* **Records supplied**:
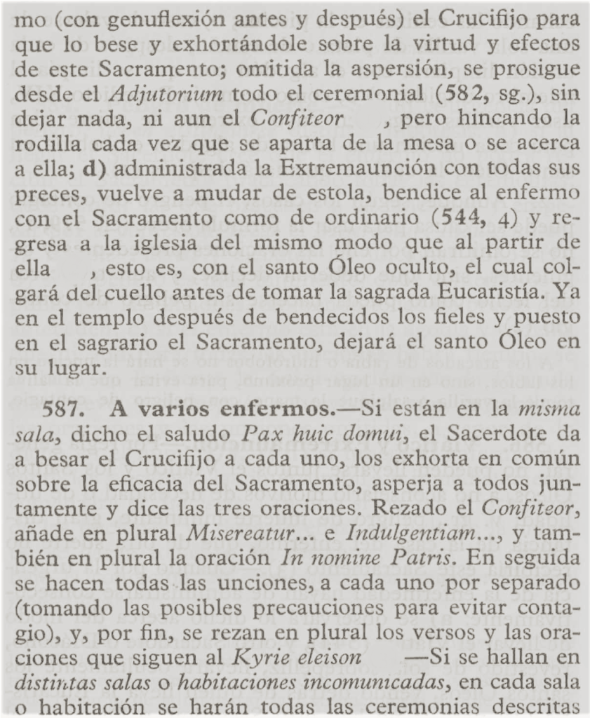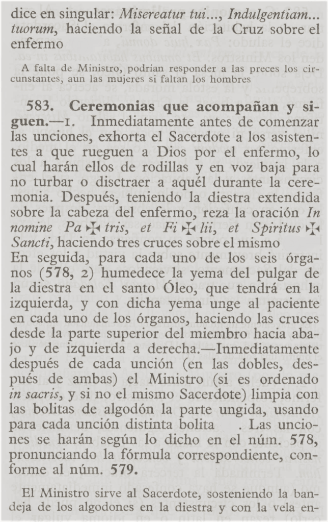 Previas unas cuantas oraciones y el acto de contrición, el sacerdote absuelve al enfermo, y, mientras los asistentes rezan por él los Salmos Penitenciales, las Letanías de los Santos u otras preces apropiadas, le impone las manos sobre la cabeza y lo bendice en el nombre de la Santísima Trinidad.
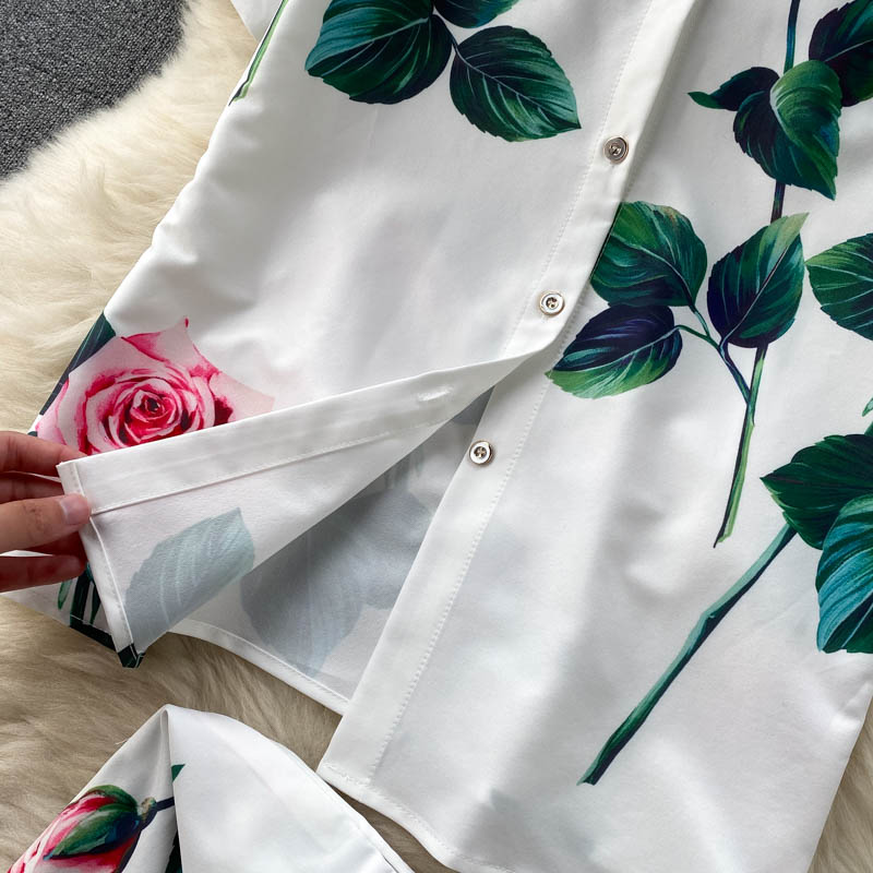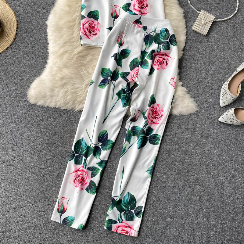 Women Floral Two Piece Set Office Ladies Printed Turn-Down Collar Single Breasted Tops + High Waist Wide Leg Pants Suit New
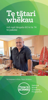 Gives brief information in te reo Māori promoting the free National Bowel Screening Programme for people aged 60–74, and directing to sources of additional information. Please note that orders are restricted to 50 units.
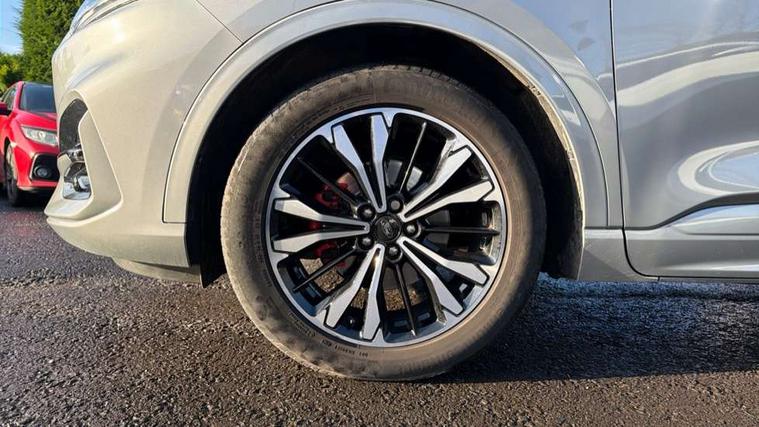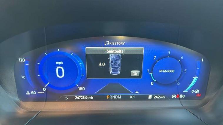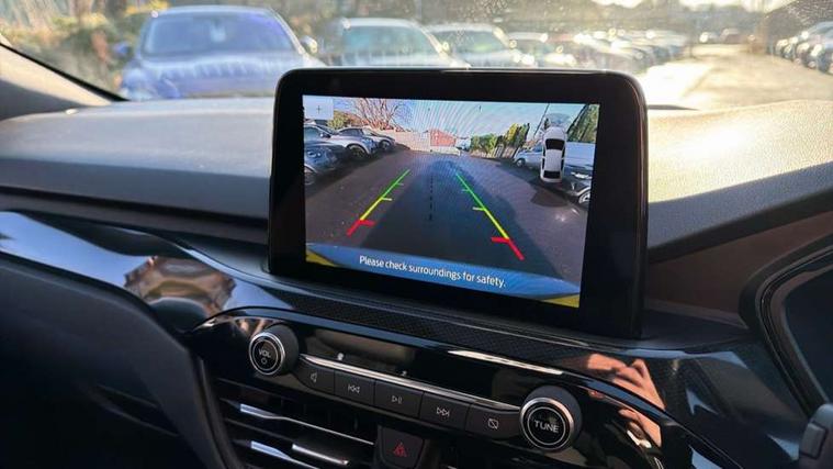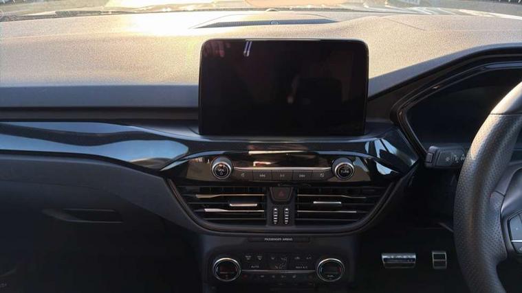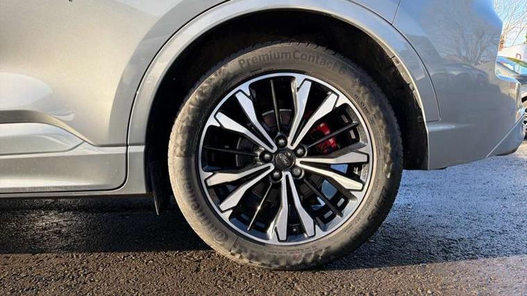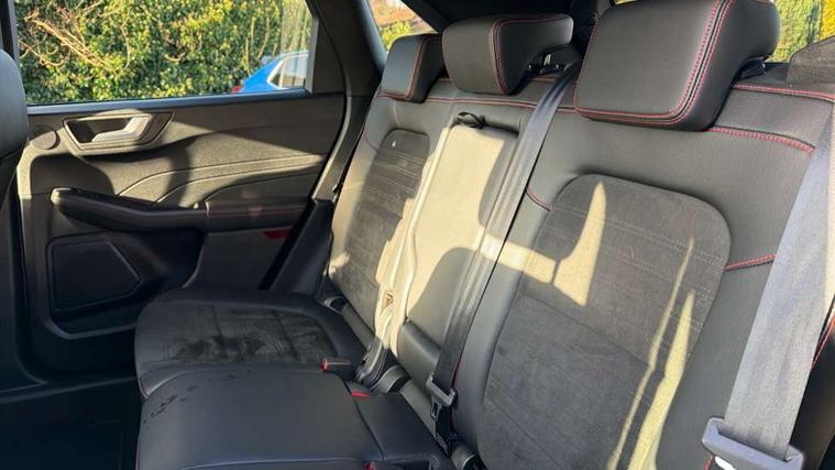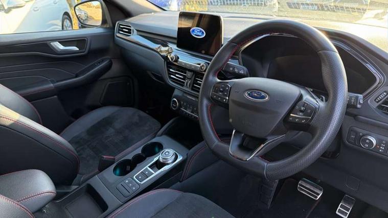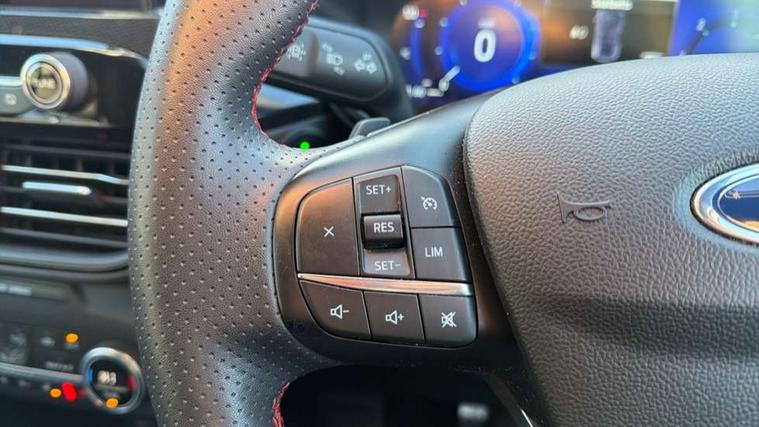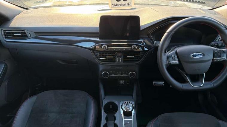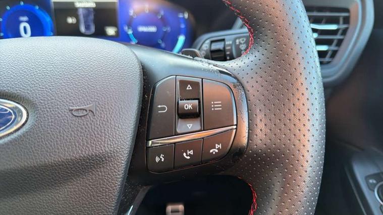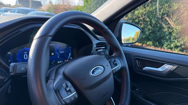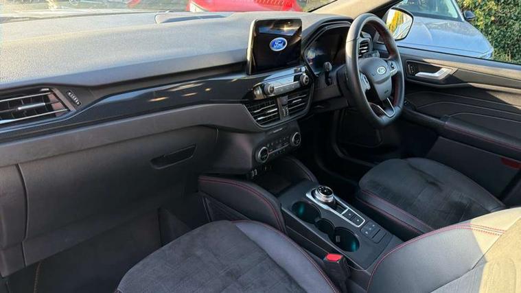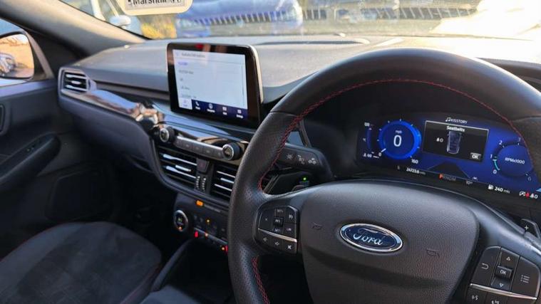 12.3" digital colour instrument cluster, Ford easy fuel, Ford SYNC 3 with 8" TFT LCD touchscreen, App Link, andriod auto/apple carPlay, emergency assistance and navigation with Ford pass connect, Front and rear parking sensors, Hands free power tailgate, Lane keeping aid with lane departure warning, Power assist steering, Rear view camera, Selectable drive modes, Service interval indicator, Sports suspension, Twist beam rear suspension, B&O premium audio system with 10 speakers and subwoofer, 2 USB ports, DAB radio/CD, Auto headlamps with high and low beam, Black roof rails, Day/night rear view mirror, Front LED fog lamps, Large rear spoiler, LED daytime running lights, LED rear lights, Power folding heated door mirrors with puddle lights, Power front/rear windows with global close, Power opening panoramic roof, Privacy glass, Quickclear heated windscreen, ST Line body styling kit with unique front and rear fascia and bumper, rear painted diffuser, front painted skid plates, dark mesh upper grille, ST Line front scuff plates, Third brake light, Twin exhausts, 10 way power adjustable drivers seat, 2nd row sliding seats with 60:40 split, 8 way manual passenger seat including lumbar support and height adjust, Alloy pedals, Centre console with electronic parking brake, Dark headlining and pillars, Dual electronic automatic temperature control, Flat bottomed leather steering wheel in sensico with red stitching, Front and rear head restraints, Heated passenger and driver seats, Heated rear seats, Heated steering wheel, Partial premium touch sensico leather upholstery with black cloth inserts and red stitching, Rear charging point, Sports seats, ST Line front and rear floor mats, Steering wheel mounted paddle shift, 3x3 point rear seatbelts, Airbags - front driver/passenger, front and rear curtain, Drivers knee airbag, Electronic stability control (ESC) and ABS, Ford MyKey Gen 2 safety system, Manual child proof rear door locks, Post collision braking, Pre collision assist with autonomous emergency braking, Rear seat Occupancy alert, Red brake calipers, Tyre pressure monitoring system, Engine immobiliser, Keyless entry and Ford power start button, Locking wheel nuts, Remote powered central double locking doors, Thatcham category 1 alarm,
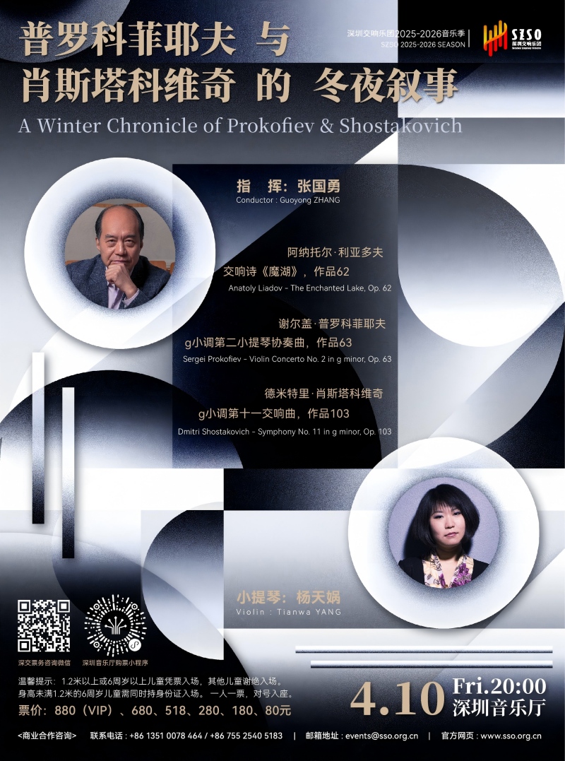 2026年4月10日20:00,深圳交响乐团将于深圳音乐厅呈现《从普罗科菲耶夫到肖斯塔科维奇的冬夜叙事》。本场音乐会聚焦俄罗斯音乐巨匠的对话,由指挥家张国勇与小提琴家杨天娲领衔,以三部经典作品串联20世纪苏俄音乐的技术革新与人文精神。
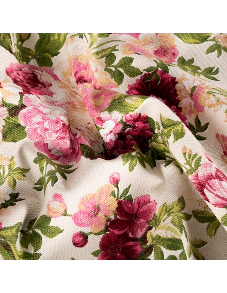 Composición: 50% poliéster, 50% algodón. Usos: cortinas, estores, cojines, manteles. Ancho: 1.40
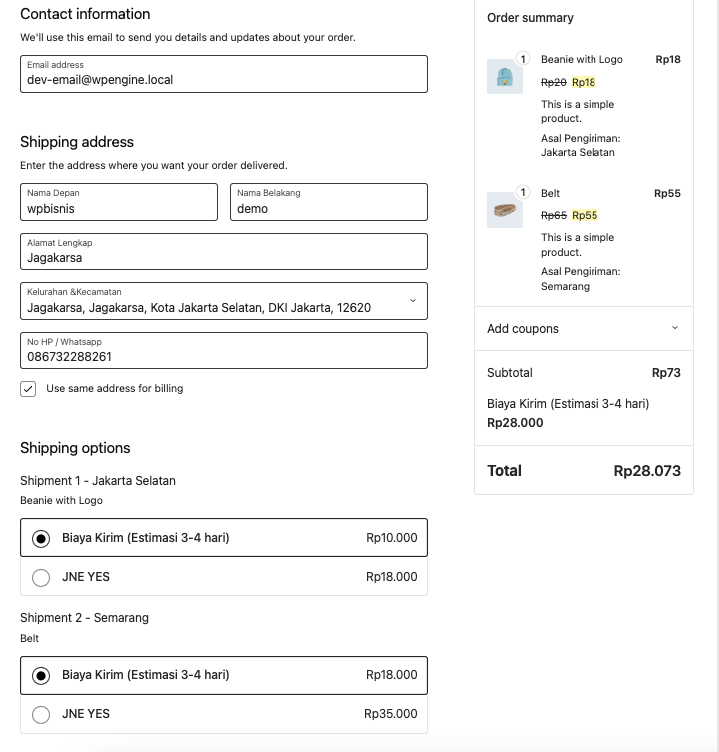 Untuk contoh kita akan membuat pesanan seperti diatas.. dimana 2 produk dengan 1produk di kirim dari Jakarta Selatan dan 1 produk dikirim dari Semarang.
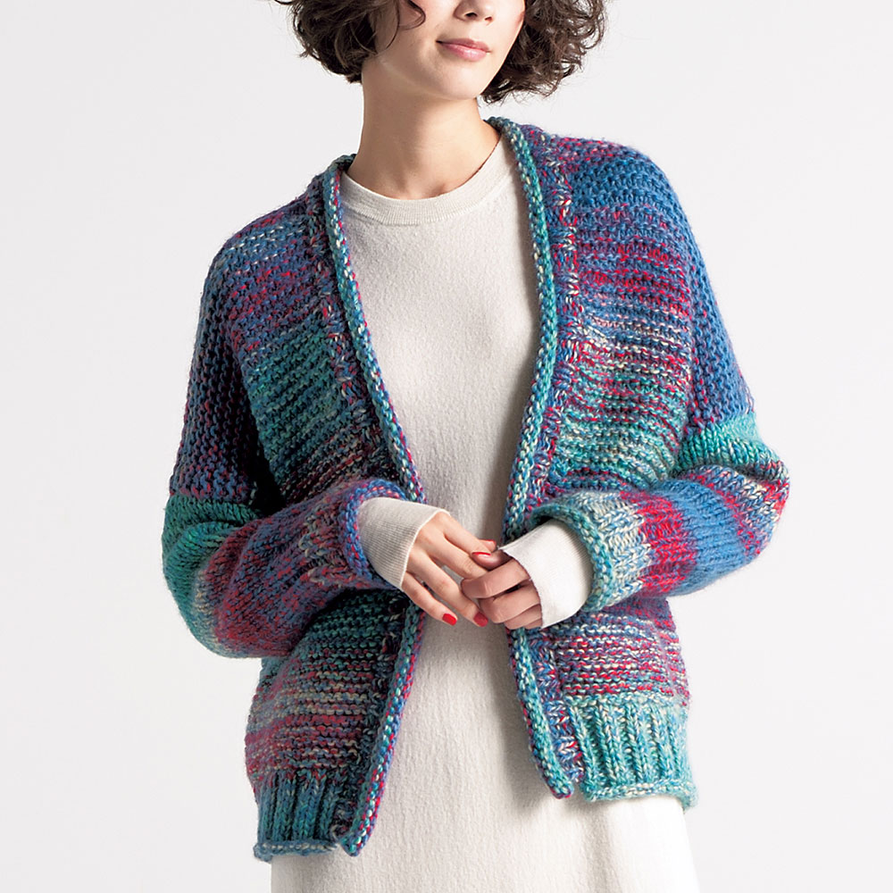 【キット作り方つき】気軽なアウターとしても着られる、ゆったりサイズの大人色カーディガン。並太のかすり染め糸2本どりでスムーズに編めるので、初級の方にもお勧めです
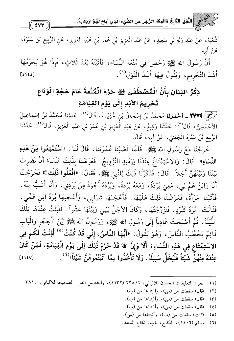 ٢٧٧٤ - أَخبَرنا مُحَمَّدُ بْنُ إِسْحَاقَ بْنِ خُزَيْمَةَ، قَالَ: حَدثنا مُحَمَّدُ بْنُ إِسْمَاعِيلَ الأَحْمَسِيُّ، قَالَ: حَدثنا وَكِيعٌ، عَنْ عَبْدِ الْعَزِيزِ بْنِ عُمَرَ بْنِ عَبْدِ الْعَزِيزِ، قَالَ: حَدثنا الرَّبِيعُ بْنُ سَبْرَةَ الْجُهَنِيُّ، عَنْ أَبِيهِ قَالَ: خَرَجْنَا مَعَ رَسُولِ اللهِ صَلى الله عَلَيه وسَلم فَلَمَّا قَضَيْنَا عُمْرَتَنَا قَالَ لَنَا: "اسْتَمْتِعُوا مِنْ هَذِهِ النِّسَاءِ"، قَالَ: وَالاِسْتِمْتَاعُ عِنْدَنَا يَوْمَئِذٍ التَّزْوِيجُ فَعَرَضْنَا بِذَلِكَ النِّسَاءُ أَنْ نَضْرِبَ بَيْنَنَا وَبَيْنَهُنَّ أَجَلاً، قَالَ: فَذَكَرْنَا ذَلِكَ لِلنَّبِيِّ صَلى الله عَلَيه وسَلم فَقَالَ: "افْعَلُوا ذَلِكَ" فَخَرَجْتُ أَنَا وَابْنُ عَمٍّ لِي مَعِي بُرْدَةٌ وَمَعَهُ بُرْدَةٌ، وَبُرْدُهُ أَجْوَدُ مِنْ بُرْدِي، وَأَنَا أَشَبُّ مِنْهُ، فَأَتَيْنَا امْرَأَةً فَعَرَضْنَا ذَلِكَ عَلَيْهَا فَأَعْجَبَهَا شَبَابِي، وَأَعْجَبَهَا بُرْدُ ابْنِ عَمِّي، فَقَالَتْ: بُرْدٌ كَبُرْدٍ فَتَزَوَّجْتُهَا، وَكَانَ الأَجَلُ بَيْنِي وَبَيْنَهَا عَشْرًا، فَلَبِثْتُ عِنْدَهَا تِلْكَ اللَّيْلَةَ، ثُمَّ أَصْبَحْتُ غَادِيًا إِلَى رَسُولِ اللهِ صَلى الله عَلَيه وسَلم، وَرَسُولُ اللهِ صَلى الله عَلَيه وسَلم بَيْنَ الْحِجْرِ وَالْبَابِ قَائِمٌ يَخْطُبُ النَّاسَ وَهُوَ يَقُولُ: "أَيُّهَا النَّاسُ إِنِّي قَدْ كنت أَذِنْتُ لَكُمْ فِي الاِسْتِمْتَاعِ فِي هَذِهِ النِّسَاءِ، أَلَا وَإِنَّ اللهَ قَدْ حَرَّمَ ذَلِكَ إِلَى يَوْمِ الْقِيَامَةِ فَمَنْ كَانَ عِنْدَهُ مِنْهُنَّ شَيْئًا فَلْيُخَلِّ سَبِيلَهُ، وَلَا تَأْخُذُوا مِمَّا آتَيْتُمُوهُنَّ شَيْئًا". [٤١٤٧]
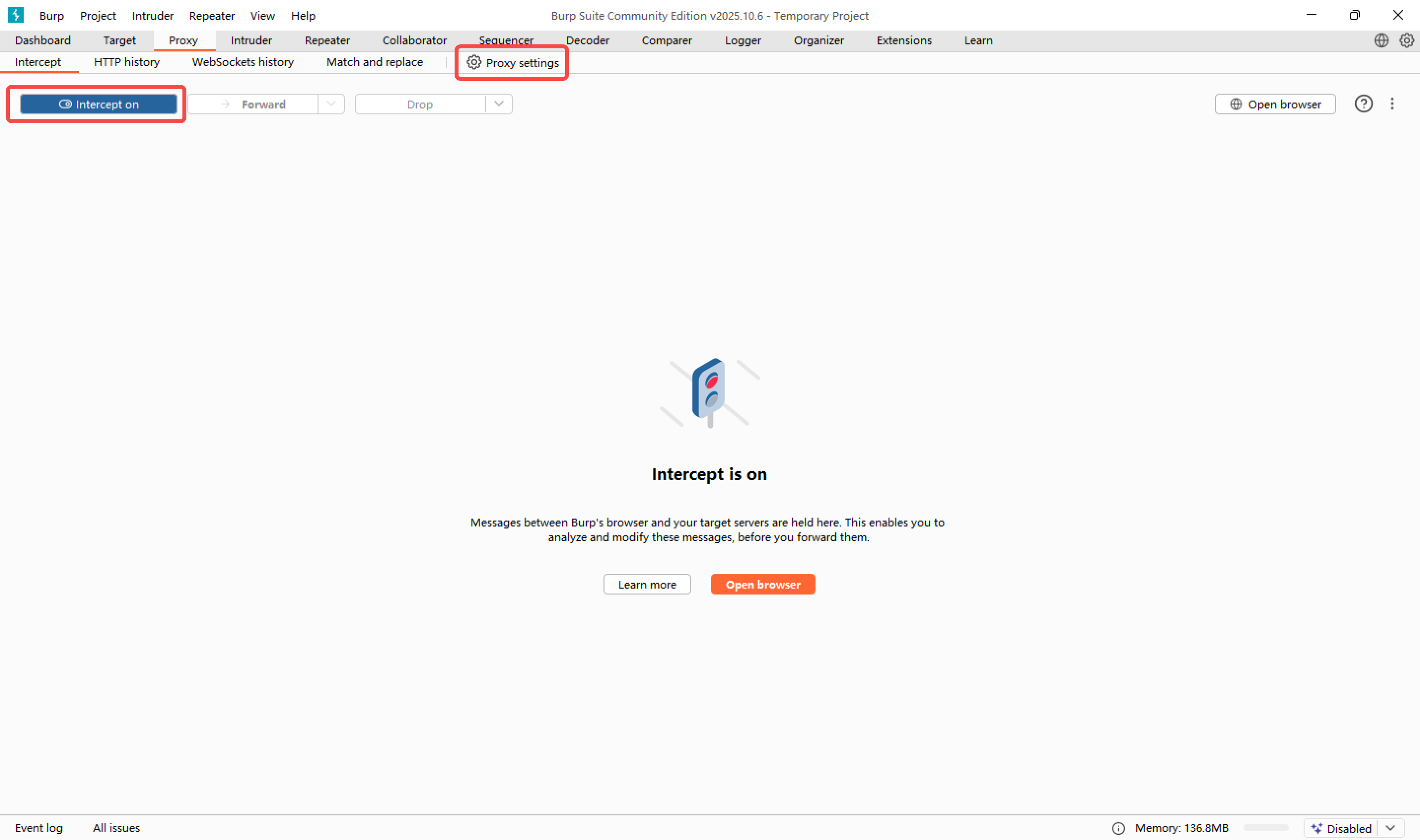 切换到 Intercept 子标签页,确保右上角的 Intercept is on(拦截已开启)(如果显示 "Off",点击切换为 "On")。

* **Required work**:
Set down the records above exactly as written, beginning with the first line and ending with the line that contains "Gives brief information", and do not include pictures.

* **Reply**:
 Previas unas cuantas oraciones y el acto de contrición, el sacerdote absuelve al enfermo, y, mientras los asistentes rezan por él los Salmos Penitenciales, las Letanías de los Santos u otras preces apropiadas, le impone las manos sobre la cabeza y lo bendice en el nombre de la Santísima Trinidad.
 Women Floral Two Piece Set Office Ladies Printed Turn-Down Collar Single Breasted Tops + High Waist Wide Leg Pants Suit New
 Gives brief information in te reo Māori promoting the free National Bowel Screening Programme for people aged 60–74, and directing to sources of additional information. Please note that orders are restricted to 50 units.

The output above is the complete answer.